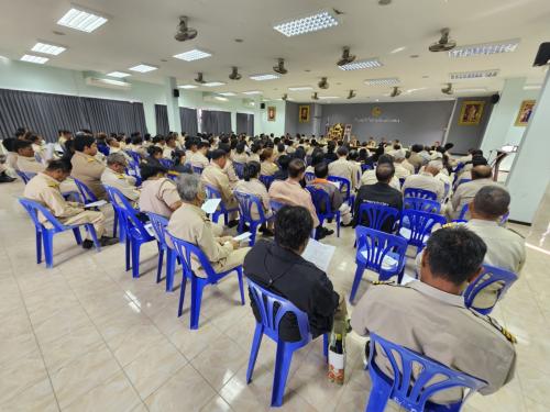 นายณัฐวุฒิ อนุโยธา นายอำเภอป่าโมก เป็นประธานในการประชุมหัวหน้าส่วนราชการ หัวหน้าหน่วยงานรัฐวิสาหกิจ ผู้บริหารสถานศึกษา กำนัน ผู้ใหญ่บ้าน การประชุมคณะกรรมการรักษาความสงบเรียบร้อย และการประชุมคณะกรรมการศูนย์ปฏิบัติการป้องกันและปราบปรามยาเสพติดอำเภอป่าโมก ครั้งที่ 12/2568 ประจำเดือนธันวาคม 2568 เพื่อติดตามผลการปฏิบัติราชการ ชี้แจงข้อราชการ นโยบาย เพื่อนำไปสู่การปฏิบัติในระดับตำบล/หมู่บ้าน โดยมีหัวหน้าส่วนราชการอำเภอ ผู้บริหารสถานศึกษา กำนัน ผู้ใหญ่บ้าน แพทย์ประจำตำบล สารวัตรและผู้ช่วยผู้ใหญ่บ้าน เข้าร่วมประชุม และร่วมกิจกรรมโดยพร้อมเพรียงกัน ซึ่งก่อนเริ่มการประชุมมีการมอบเครื่องหมายสำคัญและหนังสือสำคัญให้กับ กำนัน ผู้ใหญ่บ้าน ที่ได้รับตำแหน่งใหม่ มอบใบประกาศเกียรติคูณให้แก่ผู้มีผลการปฏิบัติงานดีเด่น ด้านการป้องกันแก้ไขปัญหายาเสพติด มอบเกียรติบัตรให้กับผู้ปฏิบัติงานดีเด่น ด้านการส่งเสริมคุณธรรมและความโปร่งใสในการปฏิบัติราชการ การชี้แจงการทำประกันภัยภาคบังคับ โดยสำนักงานคณะกรรมการกำกับและส่งเสริมการประกอบธุรกิจประกัยภัย (คปภ.) จังหวัดอ่างทอง ชี้แจงการฟื้นฟูเยียวยาผู้ประสบอุทกภัย โดยสำนักงานป้องกันและบรรเทาสาธารณภัย (ปภ.) จังหวัดอ่างทอง
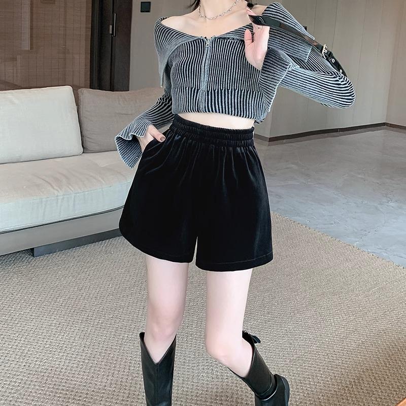 Женские черные бархатные шорты А-силуэта с эластичной талией, ранняя осень 2024, свободный крой, утолщенная ткань.
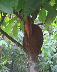 En ambos cultivos, la mayoría de las colonias de Nasutitermes spp. se localizaron en la superficie externa de los tallos y ramas, formando túneles de barro característicos, Figura 4, 5.
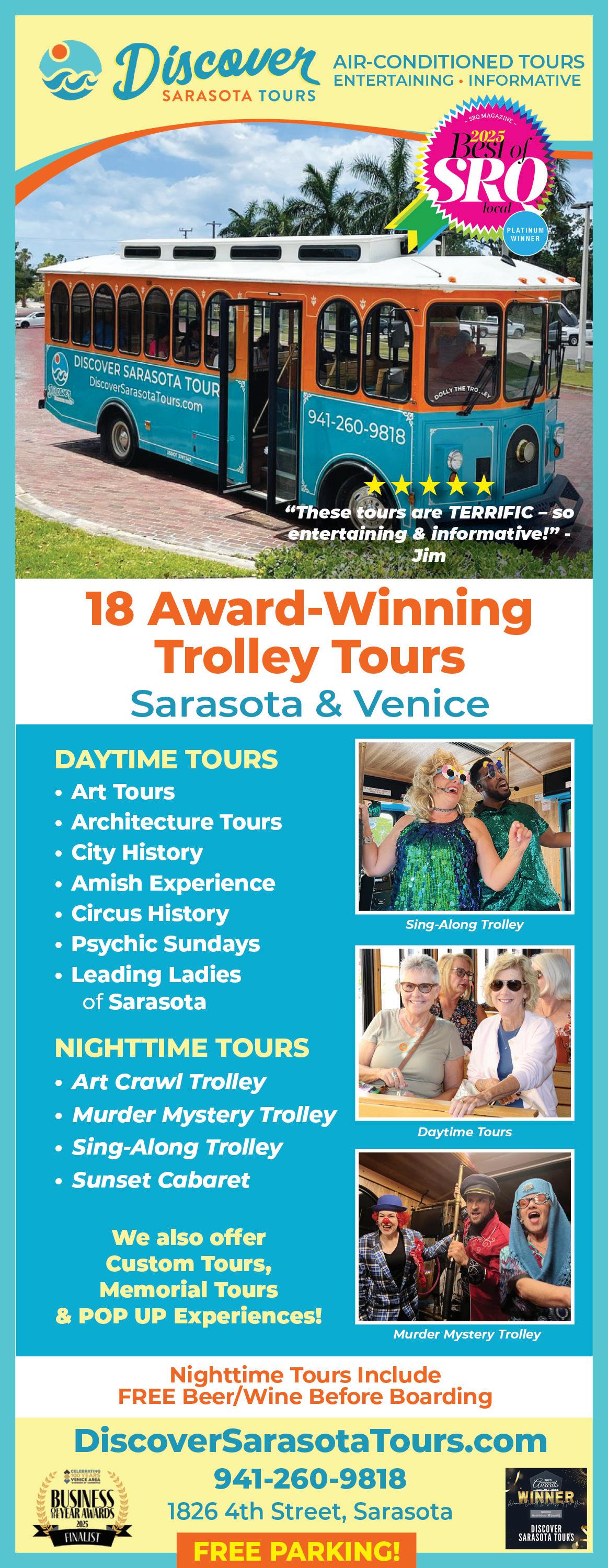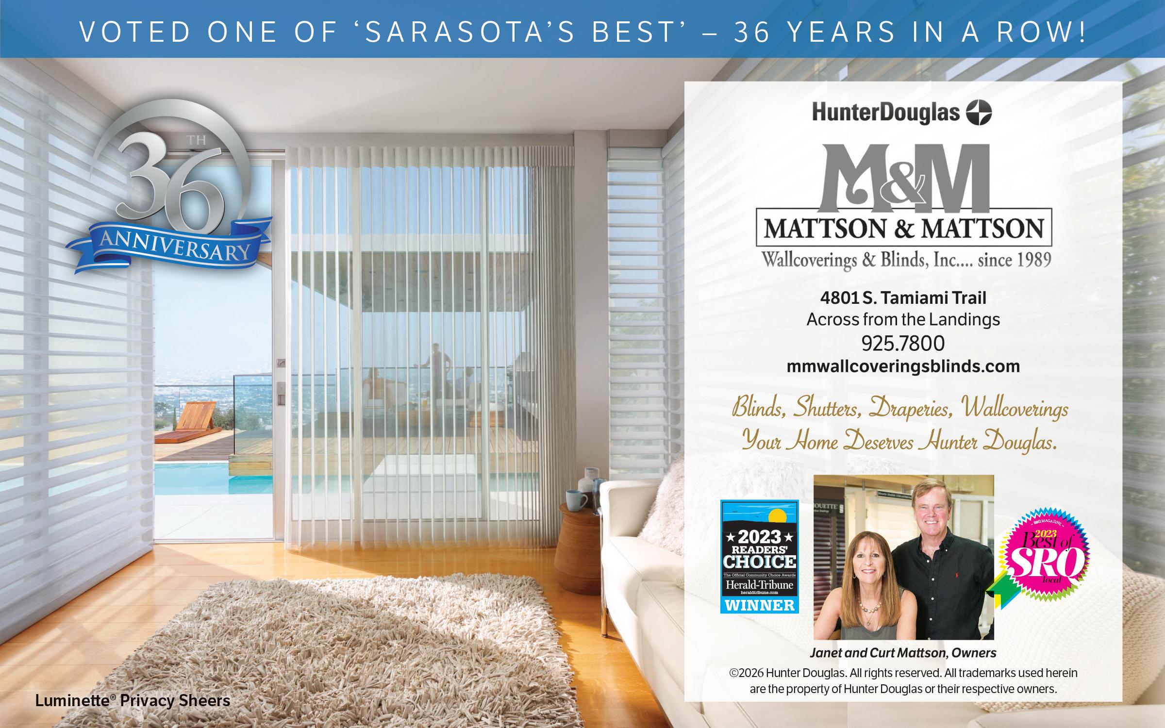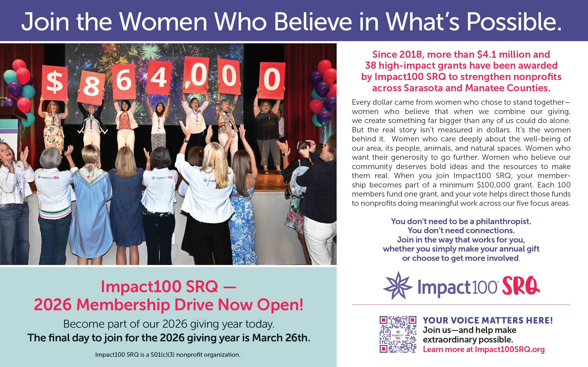 The magazine in your hands offers enormous insight into our community, but the most informed in our community follow our constant coverage of Sarasota and the Bradenton Area in SRQ Daily. The electronic newsletter is a must-read in thousands of inboxes. Check our special editions: Monday Business Edition, Tuesday Foodie Edition, Wednesday Philanthropy Edition, Thursday Family, Education and Sports Edition, Friday Weekend Edition and the much-discussed Saturday Perspectives Edition, featuring a diverse range of opinions from the region’s top pundits and newsmakers. SIGN UP ONLINE AT SRQMAG.COM/SRQDAILY

* * * * * * * * *

TRY IT:
Once the pictures are removed, repeat all of the data above exactly.

YOUR SOLUTION:
 นายณัฐวุฒิ อนุโยธา นายอำเภอป่าโมก เป็นประธานในการประชุมหัวหน้าส่วนราชการ หัวหน้าหน่วยงานรัฐวิสาหกิจ ผู้บริหารสถานศึกษา กำนัน ผู้ใหญ่บ้าน การประชุมคณะกรรมการรักษาความสงบเรียบร้อย และการประชุมคณะกรรมการศูนย์ปฏิบัติการป้องกันและปราบปรามยาเสพติดอำเภอป่าโมก ครั้งที่ 12/2568 ประจำเดือนธันวาคม 2568 เพื่อติดตามผลการปฏิบัติราชการ ชี้แจงข้อราชการ นโยบาย เพื่อนำไปสู่การปฏิบัติในระดับตำบล/หมู่บ้าน โดยมีหัวหน้าส่วนราชการอำเภอ ผู้บริหารสถานศึกษา กำนัน ผู้ใหญ่บ้าน แพทย์ประจำตำบล สารวัตรและผู้ช่วยผู้ใหญ่บ้าน เข้าร่วมประชุม และร่วมกิจกรรมโดยพร้อมเพรียงกัน ซึ่งก่อนเริ่มการประชุมมีการมอบเครื่องหมายสำคัญและหนังสือสำคัญให้กับ กำนัน ผู้ใหญ่บ้าน ที่ได้รับตำแหน่งใหม่ มอบใบประกาศเกียรติคูณให้แก่ผู้มีผลการปฏิบัติงานดีเด่น ด้านการป้องกันแก้ไขปัญหายาเสพติด มอบเกียรติบัตรให้กับผู้ปฏิบัติงานดีเด่น ด้านการส่งเสริมคุณธรรมและความโปร่งใสในการปฏิบัติราชการ การชี้แจงการทำประกันภัยภาคบังคับ โดยสำนักงานคณะกรรมการกำกับและส่งเสริมการประกอบธุรกิจประกัยภัย (คปภ.) จังหวัดอ่างทอง ชี้แจงการฟื้นฟูเยียวยาผู้ประสบอุทกภัย โดยสำนักงานป้องกันและบรรเทาสาธารณภัย (ปภ.) จังหวัดอ่างทอง
 Женские черные бархатные шорты А-силуэта с эластичной талией, ранняя осень 2024, свободный крой, утолщенная ткань.
 En ambos cultivos, la mayoría de las colonias de Nasutitermes spp. se localizaron en la superficie externa de los tallos y ramas, formando túneles de barro característicos, Figura 4, 5.
 The magazine in your hands offers enormous insight into our community, but the most informed in our community follow our constant coverage of Sarasota and the Bradenton Area in SRQ Daily. The electronic newsletter is a must-read in thousands of inboxes. Check our special editions: Monday Business Edition, Tuesday Foodie Edition, Wednesday Philanthropy Edition, Thursday Family, Education and Sports Edition, Friday Weekend Edition and the much-discussed Saturday Perspectives Edition, featuring a diverse range of opinions from the region’s top pundits and newsmakers. SIGN UP ONLINE AT SRQMAG.COM/SRQDAILY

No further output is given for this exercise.